Work request:
Each image should be skipped while the records are restated word for word.

Entries supplied:
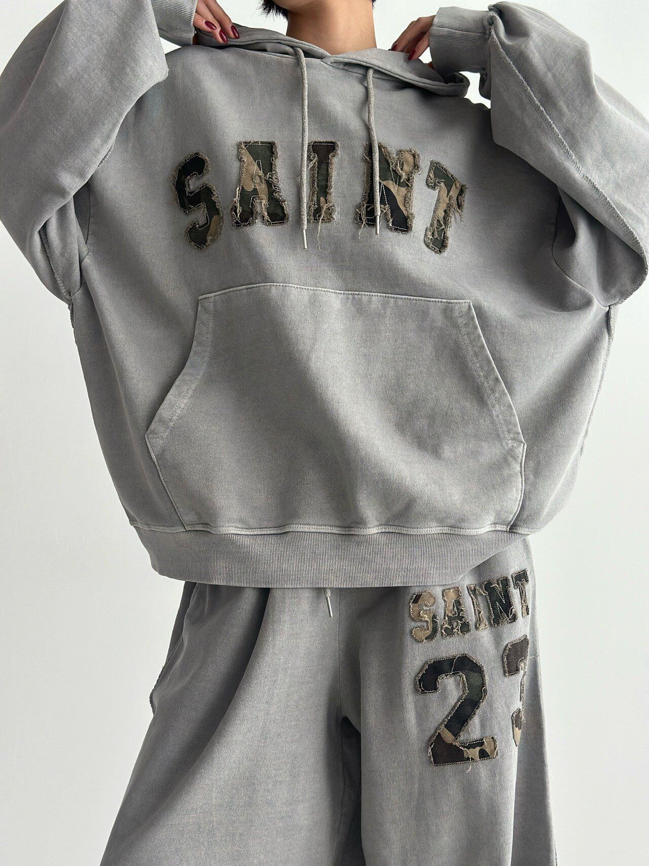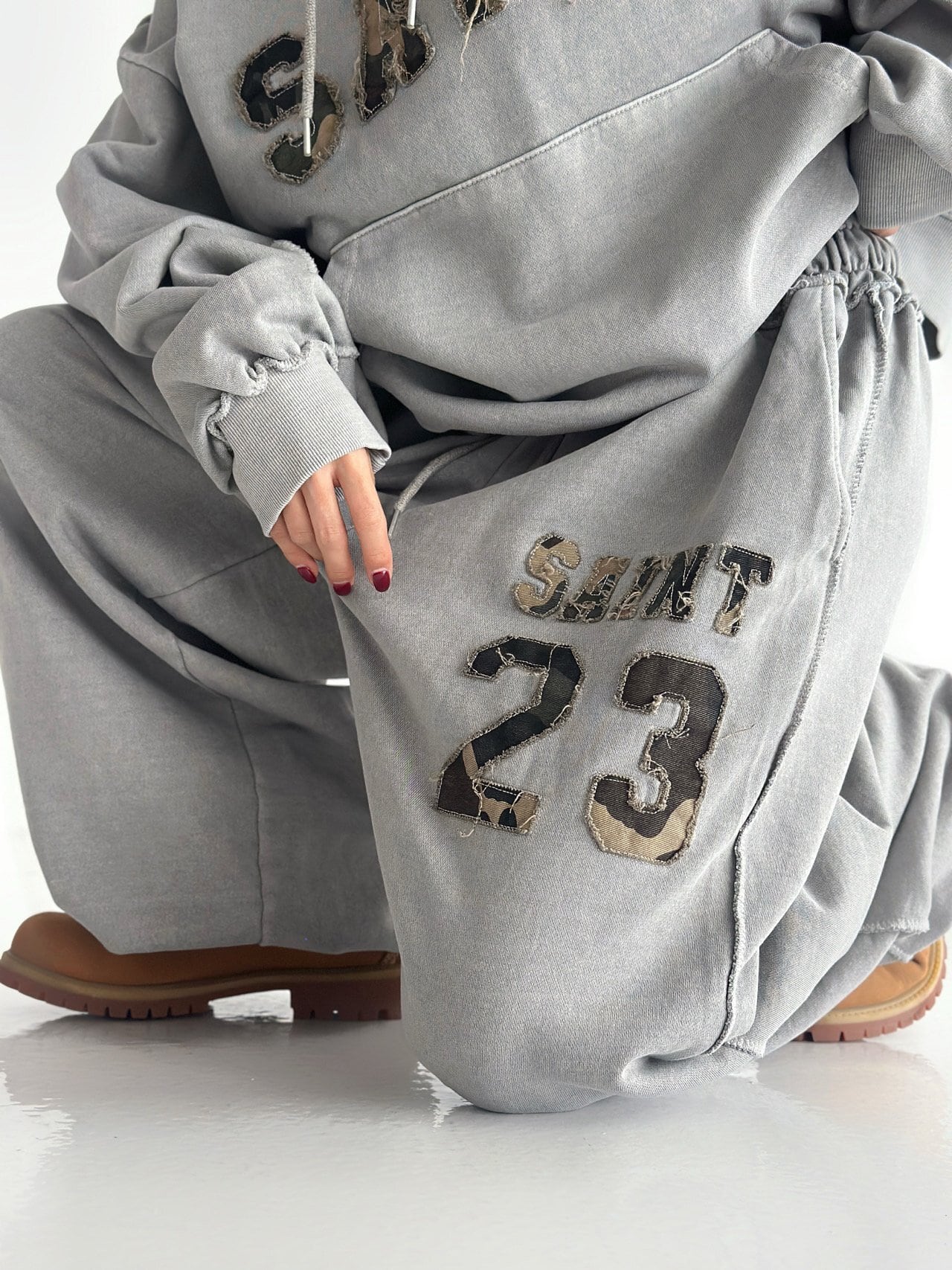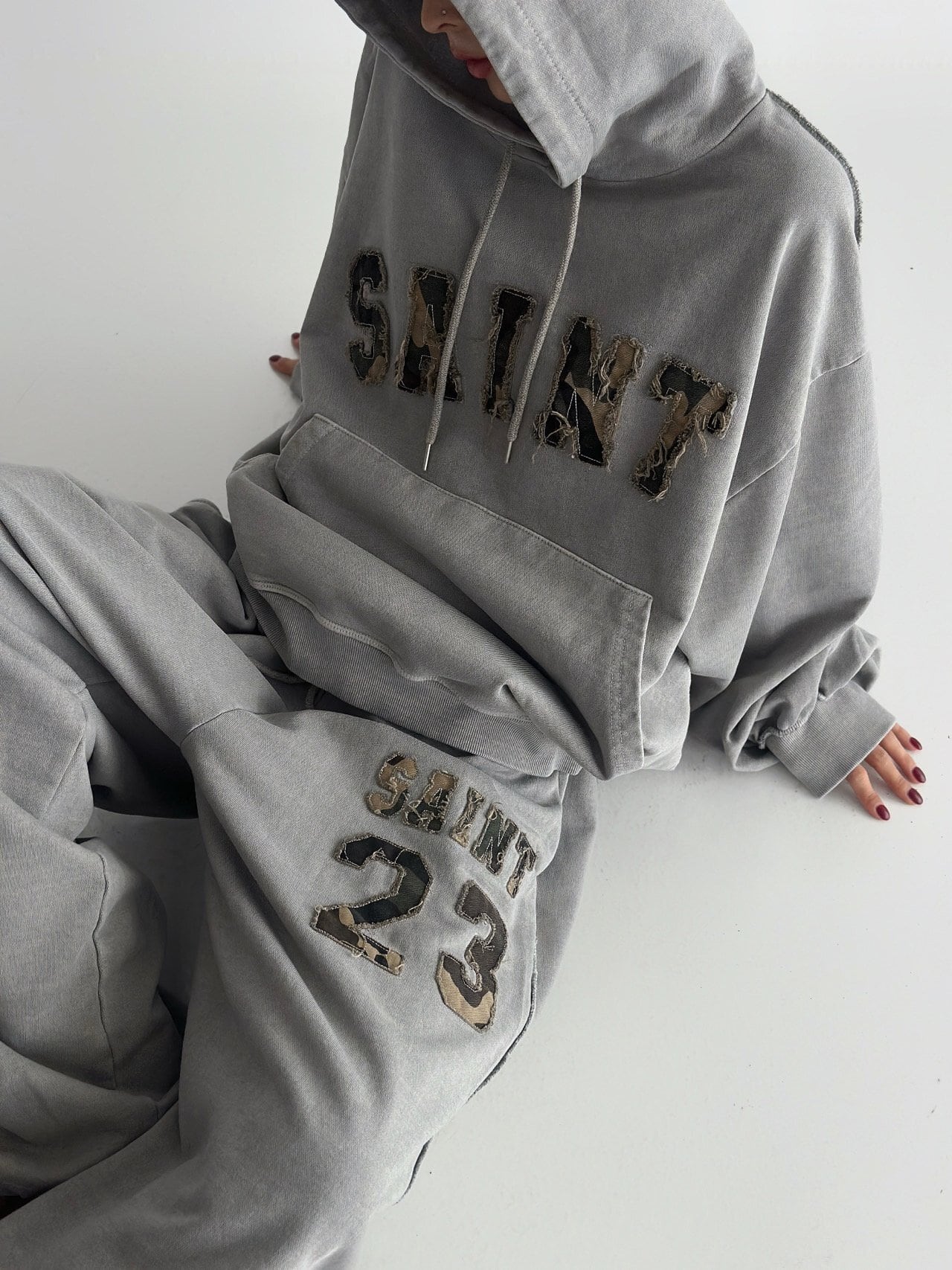 存在感のある「SAINT」「23」デザインが、ストリート×モードを融合させた一着です。
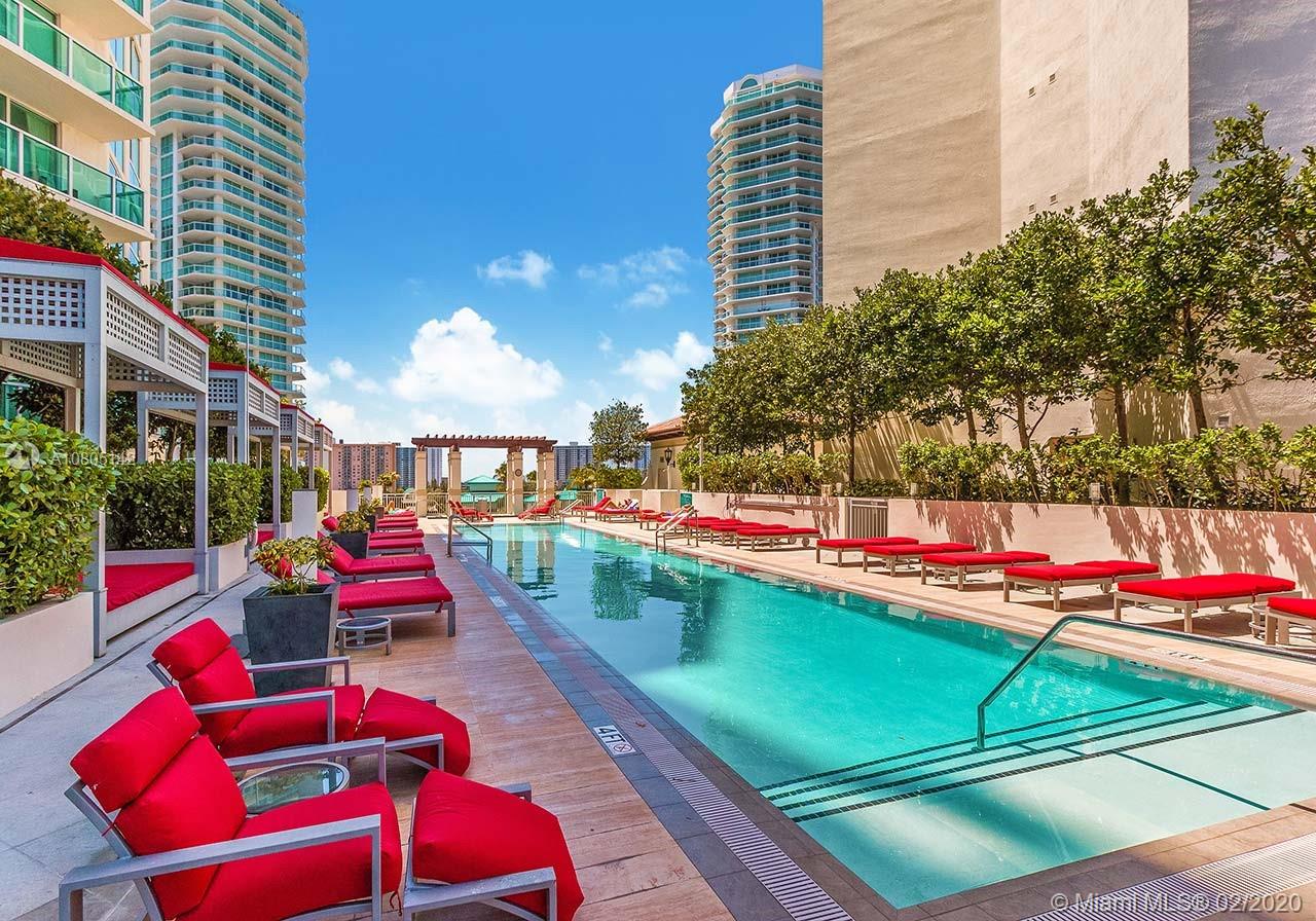 This unit features marble floors, impact glass windows, large balcony, walk in closet, full equipped open kitchen, double refrigerator with gas mechanism, 2 king beds with mattresses, two smart TV on walls. Turnkey ready to move in. Building Amenities include 24 hours concierge, security, valet, infinity pool, cabanas, spa/gym, sauna, club house, transport and access to private beach club on the beach, i mile from Bal Harbour , 3 miles from Aventura Mall, Boutiques, coffee shops, beauty salon, pet shop on ground floor and a new city park across the street.
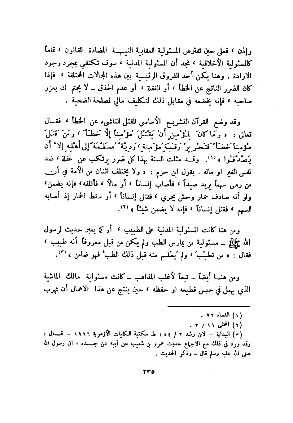 وقد وضع القرآن التشريع الأساسي للقتل الناشئ عن الخطأ، فقال تعالى: {وَمَا كَانَ لِمُؤْمِنٍ أَنْ يَقْتُلَ مُؤْمِنًا إِلَّا خَطًَا وَمَنْ قَتَلَ مُؤْمِنًا خَطًَا فَتَحْرِيرُ رَقَبَةٍ مُؤْمِنَةٍ وَدِيَةٌ مُسَلَّمَةٌ إِلَى أَهْلِهِ إِلَّا أَنْ يَصَّدَّقُوا} 1. وقد مثلت السُّنة بهذا كل ضرر يرتكب عن غفلة، ضد نفس الغير، أو ماله. يقول ابن حزم: "ولا يختلف اثنان من الأمة في أن من رمى سهمًا يريد صيدًا، فأصاب إنسانًا، أو مالًا، فأتلفه، فإنه يضمن، ولو أنه صادف حمار وحشي يجري، فقتل إنسانًا، أو سقط الحمار إذ أصابه السهم، فقتل إنسانًا، فإنه لا يضمن شيئًا"2.
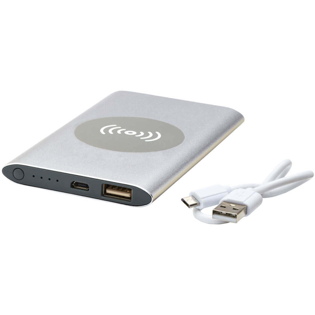 4000mAh Powerbank mit Aluminiumgehäuse. Unterstützt sowohl das kabellose 5W-Laden als auch das Laden über Micro-USB-Kabel. Mit einem 4000mAh Lithium-Polymer-Akku kann es Ihr Smartphone vollständig aufladen. Ladeanzeige, die kontinuierlich den Ladestatus anzeigt. Micro-USB-Eingang: 5V/2A; Ausgang: 5V/2A. Kabellose Leistung 5 W. Inklusive PVC-freiem TPE-Kunststoff-Ladekabel. Verpackt in einem Standard-Geschenkkarton.
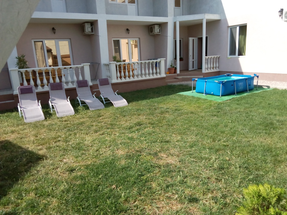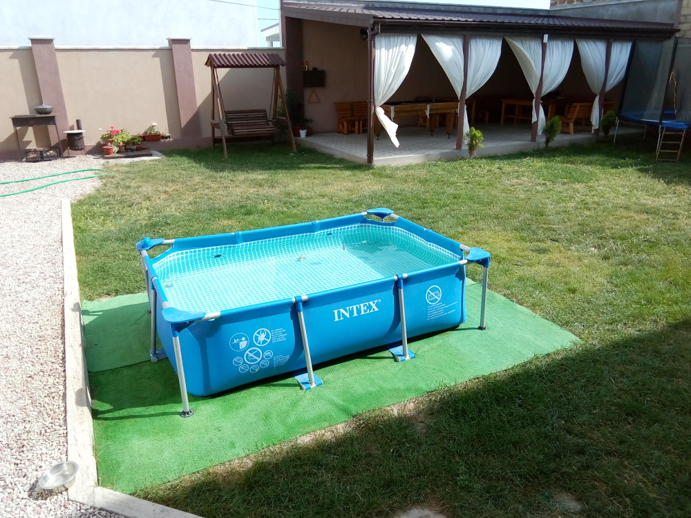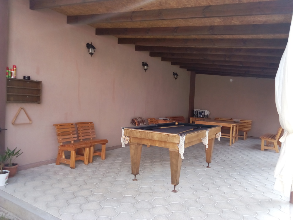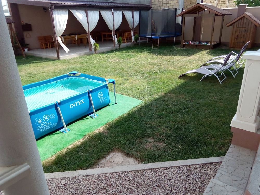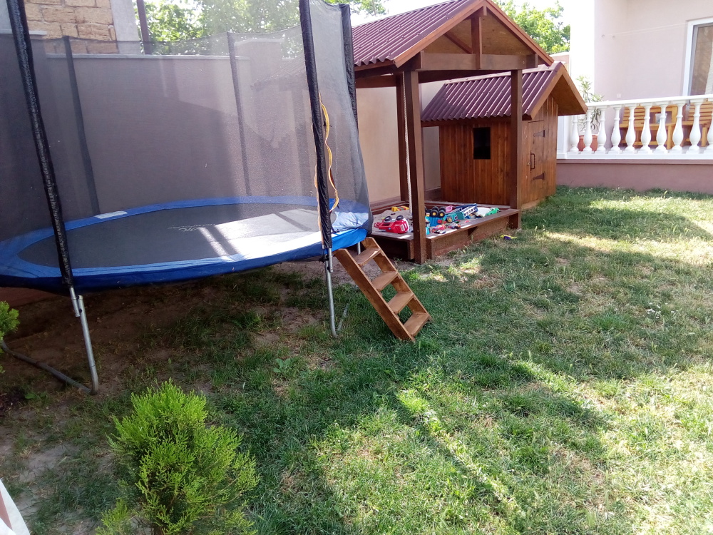 Закрытый благоустроенный двор. Во дворе: детский бассейн, песочница, детский домик, игрушки, садовые качели, бильярд, мангал, беседка.
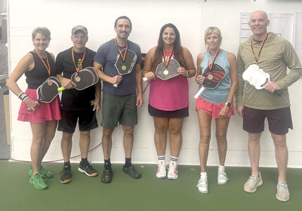 - Pictured are Mixed 3.5-4.0 winners: Meredith Sheesley and Jeremy Scarsone, first place; Sean Oleary and Christine Boniface, second place; and Kim Witherow and Ken Schuh, third place. Submitted photo
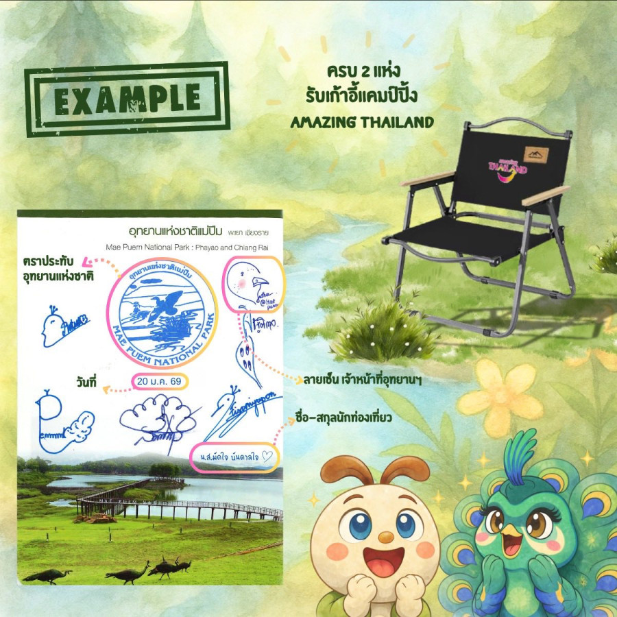 สะสมตราประทับครบ 2 ใน 3 แห่ง รับ “เก้าอี้แคมป์ปิ้ง Amazing Thailand” ฟรี 🎉⛺
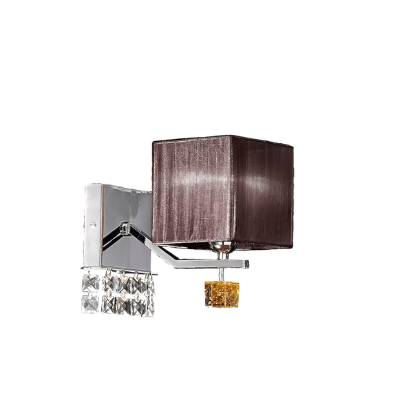 "Хромированная металлическая рама.Подвески из прозрачного хрусталя.Абажуры из органзы, доступны в черном, ледяном и медно-коричневом цветах.Кубики молотого хрусталя доступны в прозрачных, аметистовых и янтарных тонах. "
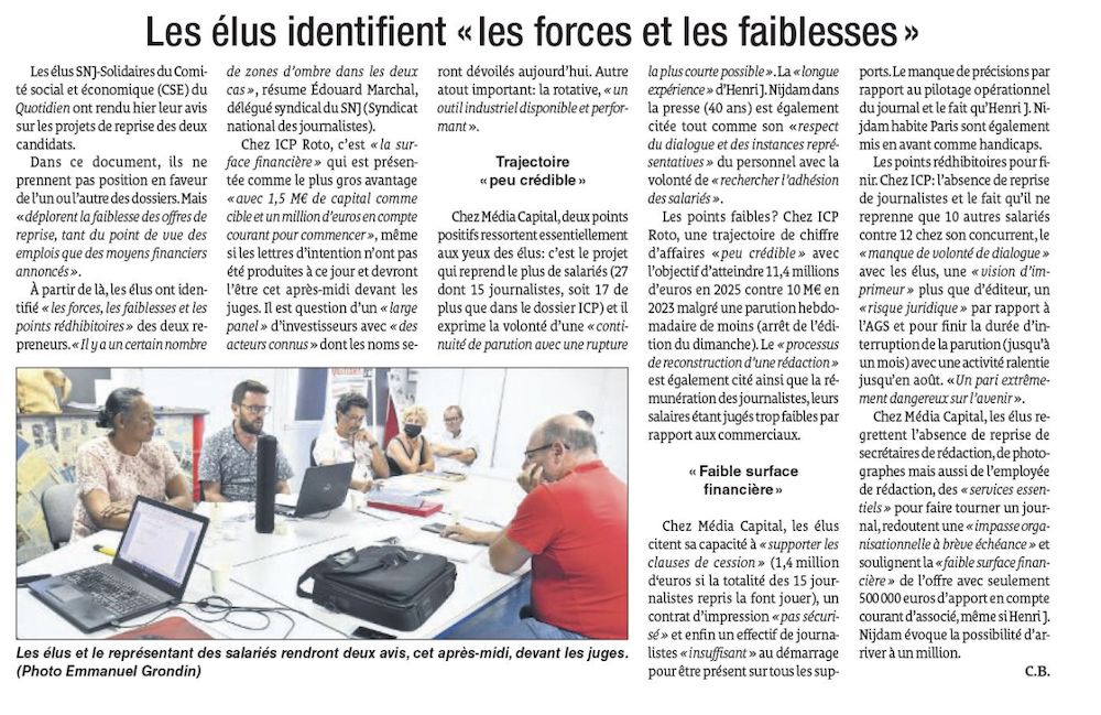 « Henri Nijdam (Media Capital) a fait l’effort d’améliorer son offre et propose désormais de reprendre 12 employés de presse et cadres et 15 journalistes – mais sans secrétaires de rédaction, photographes et rédacteurs en chef – soit 55% du personnel. C’est mieux, ou moins pire, mais cela reste nettement insuffisant pour faire tourner le journal et fournir une information de qualité et de proximité. Surtout, les salariés appellent les porteurs de ce projet à lever les zones d’ombre sur l’actionnariat, la gouvernance et l’organisation du journal. Ils réclament des garanties d’indépendance de la rédaction et une information libre pour les lecteurs, et rejettent par avance toute tentative d’instrumentalisation » indiquait hier le SNJ, syndicat national des journalistes.
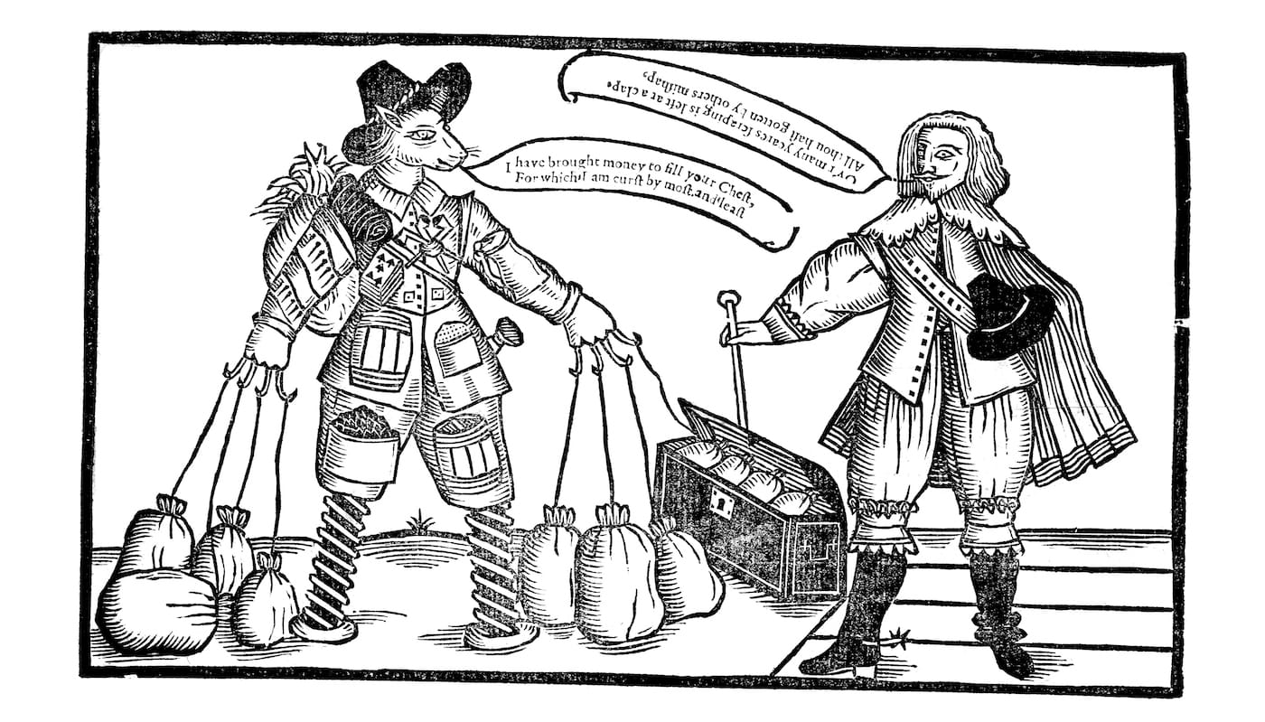 An anthropomorphic wolf carrying bags of money, sporting fish hooks for fingers and legs reminiscent of thick screws is perhaps one of the most bizarre woodcuts to emerge in the 17th century. A satirical image reflecting on monopolies of goods like wine and tobacco, it is certainly one that makes you pause and stare when flipping through Graven Images, a delightful survey of centuries-old woodcuts recently published by the British Library. The curious work from 1641 is reprinted in the 176-page book alongside many other examples of the graphic art form drawn from the Library’s collections — but beyond their shared medium, these were brought together in this new tome precisely because of their individual strangeness.

Task response:
 存在感のある「SAINT」「23」デザインが、ストリート×モードを融合させた一着です。
 This unit features marble floors, impact glass windows, large balcony, walk in closet, full equipped open kitchen, double refrigerator with gas mechanism, 2 king beds with mattresses, two smart TV on walls. Turnkey ready to move in. Building Amenities include 24 hours concierge, security, valet, infinity pool, cabanas, spa/gym, sauna, club house, transport and access to private beach club on the beach, i mile from Bal Harbour , 3 miles from Aventura Mall, Boutiques, coffee shops, beauty salon, pet shop on ground floor and a new city park across the street.
 وقد وضع القرآن التشريع الأساسي للقتل الناشئ عن الخطأ، فقال تعالى: {وَمَا كَانَ لِمُؤْمِنٍ أَنْ يَقْتُلَ مُؤْمِنًا إِلَّا خَطًَا وَمَنْ قَتَلَ مُؤْمِنًا خَطًَا فَتَحْرِيرُ رَقَبَةٍ مُؤْمِنَةٍ وَدِيَةٌ مُسَلَّمَةٌ إِلَى أَهْلِهِ إِلَّا أَنْ يَصَّدَّقُوا} 1. وقد مثلت السُّنة بهذا كل ضرر يرتكب عن غفلة، ضد نفس الغير، أو ماله. يقول ابن حزم: "ولا يختلف اثنان من الأمة في أن من رمى سهمًا يريد صيدًا، فأصاب إنسانًا، أو مالًا، فأتلفه، فإنه يضمن، ولو أنه صادف حمار وحشي يجري، فقتل إنسانًا، أو سقط الحمار إذ أصابه السهم، فقتل إنسانًا، فإنه لا يضمن شيئًا"2.
 4000mAh Powerbank mit Aluminiumgehäuse. Unterstützt sowohl das kabellose 5W-Laden als auch das Laden über Micro-USB-Kabel. Mit einem 4000mAh Lithium-Polymer-Akku kann es Ihr Smartphone vollständig aufladen. Ladeanzeige, die kontinuierlich den Ladestatus anzeigt. Micro-USB-Eingang: 5V/2A; Ausgang: 5V/2A. Kabellose Leistung 5 W. Inklusive PVC-freiem TPE-Kunststoff-Ladekabel. Verpackt in einem Standard-Geschenkkarton.
 Закрытый благоустроенный двор. Во дворе: детский бассейн, песочница, детский домик, игрушки, садовые качели, бильярд, мангал, беседка.
 - Pictured are Mixed 3.5-4.0 winners: Meredith Sheesley and Jeremy Scarsone, first place; Sean Oleary and Christine Boniface, second place; and Kim Witherow and Ken Schuh, third place. Submitted photo
 สะสมตราประทับครบ 2 ใน 3 แห่ง รับ “เก้าอี้แคมป์ปิ้ง Amazing Thailand” ฟรี 🎉⛺
 "Хромированная металлическая рама.Подвески из прозрачного хрусталя.Абажуры из органзы, доступны в черном, ледяном и медно-коричневом цветах.Кубики молотого хрусталя доступны в прозрачных, аметистовых и янтарных тонах. "
 « Henri Nijdam (Media Capital) a fait l’effort d’améliorer son offre et propose désormais de reprendre 12 employés de presse et cadres et 15 journalistes – mais sans secrétaires de rédaction, photographes et rédacteurs en chef – soit 55% du personnel. C’est mieux, ou moins pire, mais cela reste nettement insuffisant pour faire tourner le journal et fournir une information de qualité et de proximité. Surtout, les salariés appellent les porteurs de ce projet à lever les zones d’ombre sur l’actionnariat, la gouvernance et l’organisation du journal. Ils réclament des garanties d’indépendance de la rédaction et une information libre pour les lecteurs, et rejettent par avance toute tentative d’instrumentalisation » indiquait hier le SNJ, syndicat national des journalistes.
 An anthropomorphic wolf carrying bags of money, sporting fish hooks for fingers and legs reminiscent of thick screws is perhaps one of the most bizarre woodcuts to emerge in the 17th century. A satirical image reflecting on monopolies of goods like wine and tobacco, it is certainly one that makes you pause and stare when flipping through Graven Images, a delightful survey of centuries-old woodcuts recently published by the British Library. The curious work from 1641 is reprinted in the 176-page book alongside many other examples of the graphic art form drawn from the Library’s collections — but beyond their shared medium, these were brought together in this new tome precisely because of their individual strangeness.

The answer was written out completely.